## Required work
For this exercise, repeat exactly the lines below starting at the line holding "品   名:  旅行家防黴排汗馬拉松跑襪" and ending at the line holding "双击AutoCAD_2024", both included, with no extra lines and no pictures.

## Records from a data source
════

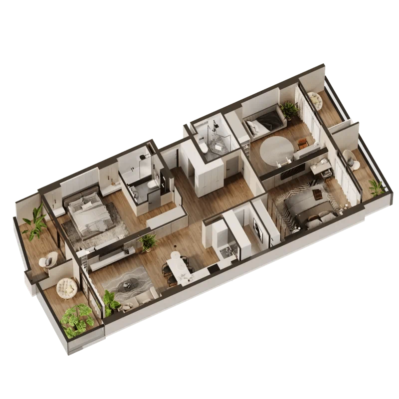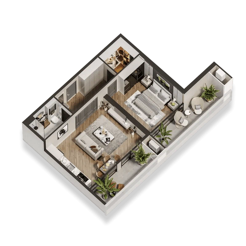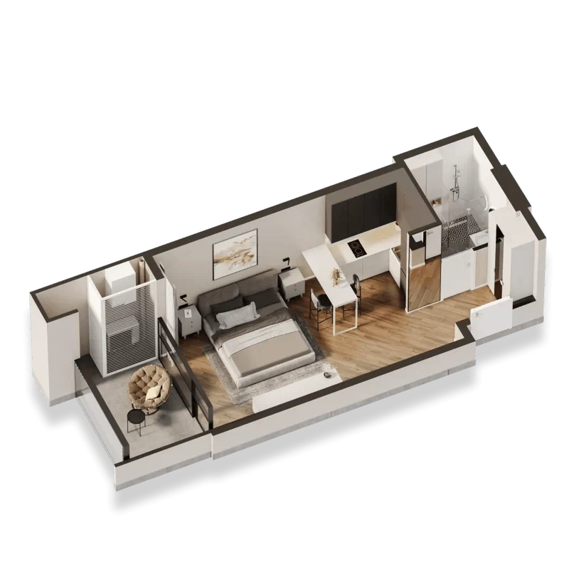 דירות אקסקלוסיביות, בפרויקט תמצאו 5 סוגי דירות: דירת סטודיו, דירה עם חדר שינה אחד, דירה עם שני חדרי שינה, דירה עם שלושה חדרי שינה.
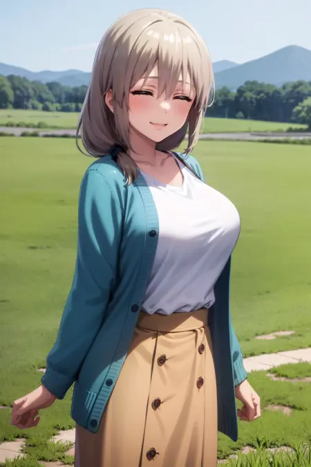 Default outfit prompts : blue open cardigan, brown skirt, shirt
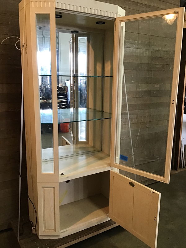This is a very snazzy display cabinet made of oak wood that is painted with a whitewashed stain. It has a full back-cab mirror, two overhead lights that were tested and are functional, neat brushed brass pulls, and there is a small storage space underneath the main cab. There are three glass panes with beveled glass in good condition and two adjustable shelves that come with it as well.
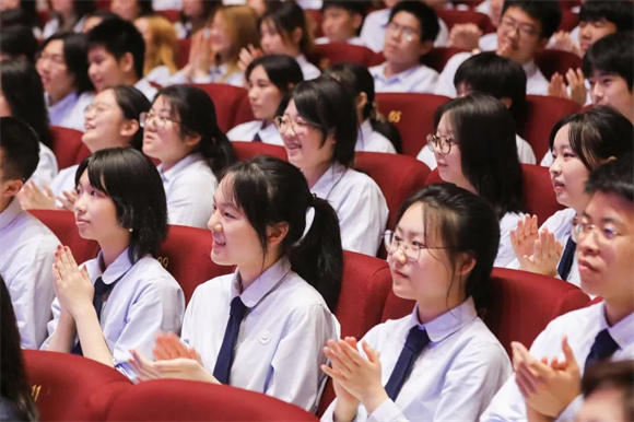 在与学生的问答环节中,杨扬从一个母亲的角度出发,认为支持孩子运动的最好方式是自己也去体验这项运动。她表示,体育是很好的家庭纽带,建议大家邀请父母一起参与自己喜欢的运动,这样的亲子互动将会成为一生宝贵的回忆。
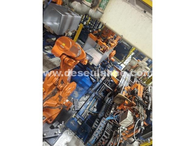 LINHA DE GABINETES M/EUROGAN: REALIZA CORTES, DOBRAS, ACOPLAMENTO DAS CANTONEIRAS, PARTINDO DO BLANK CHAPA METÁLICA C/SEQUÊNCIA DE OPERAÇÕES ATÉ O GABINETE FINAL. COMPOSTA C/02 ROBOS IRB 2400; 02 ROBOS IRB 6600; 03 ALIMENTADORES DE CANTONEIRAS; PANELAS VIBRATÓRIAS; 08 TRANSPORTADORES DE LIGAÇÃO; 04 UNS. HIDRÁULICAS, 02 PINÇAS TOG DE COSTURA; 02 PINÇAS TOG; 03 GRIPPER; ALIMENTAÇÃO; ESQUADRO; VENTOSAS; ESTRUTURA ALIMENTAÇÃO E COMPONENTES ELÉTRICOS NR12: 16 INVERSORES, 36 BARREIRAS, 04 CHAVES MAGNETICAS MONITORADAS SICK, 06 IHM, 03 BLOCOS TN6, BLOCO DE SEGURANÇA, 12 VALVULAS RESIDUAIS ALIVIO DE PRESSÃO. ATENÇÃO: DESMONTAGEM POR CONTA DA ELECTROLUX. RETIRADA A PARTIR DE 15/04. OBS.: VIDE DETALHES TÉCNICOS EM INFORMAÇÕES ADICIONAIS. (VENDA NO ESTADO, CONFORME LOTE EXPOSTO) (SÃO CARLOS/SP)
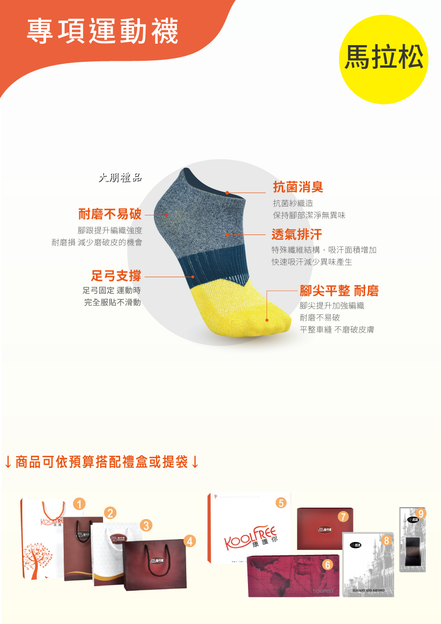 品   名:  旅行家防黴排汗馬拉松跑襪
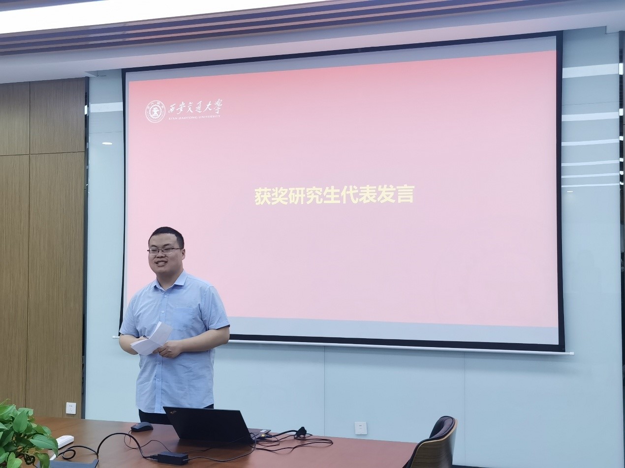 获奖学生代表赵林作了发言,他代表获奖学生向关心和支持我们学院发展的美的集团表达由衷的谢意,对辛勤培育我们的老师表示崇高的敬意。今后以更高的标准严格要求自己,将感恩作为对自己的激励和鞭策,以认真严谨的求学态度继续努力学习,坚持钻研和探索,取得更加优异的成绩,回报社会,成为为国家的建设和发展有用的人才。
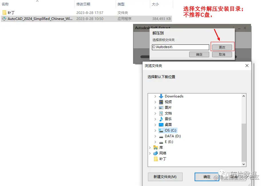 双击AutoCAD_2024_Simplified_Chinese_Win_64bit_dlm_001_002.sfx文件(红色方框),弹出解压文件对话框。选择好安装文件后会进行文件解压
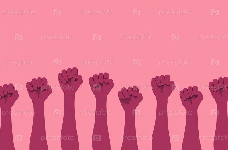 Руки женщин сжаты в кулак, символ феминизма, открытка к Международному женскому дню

════

## Result of the exercise
 品   名:  旅行家防黴排汗馬拉松跑襪
 获奖学生代表赵林作了发言,他代表获奖学生向关心和支持我们学院发展的美的集团表达由衷的谢意,对辛勤培育我们的老师表示崇高的敬意。今后以更高的标准严格要求自己,将感恩作为对自己的激励和鞭策,以认真严谨的求学态度继续努力学习,坚持钻研和探索,取得更加优异的成绩,回报社会,成为为国家的建设和发展有用的人才。
 双击AutoCAD_2024_Simplified_Chinese_Win_64bit_dlm_001_002.sfx文件(红色方框),弹出解压文件对话框。选择好安装文件后会进行文件解压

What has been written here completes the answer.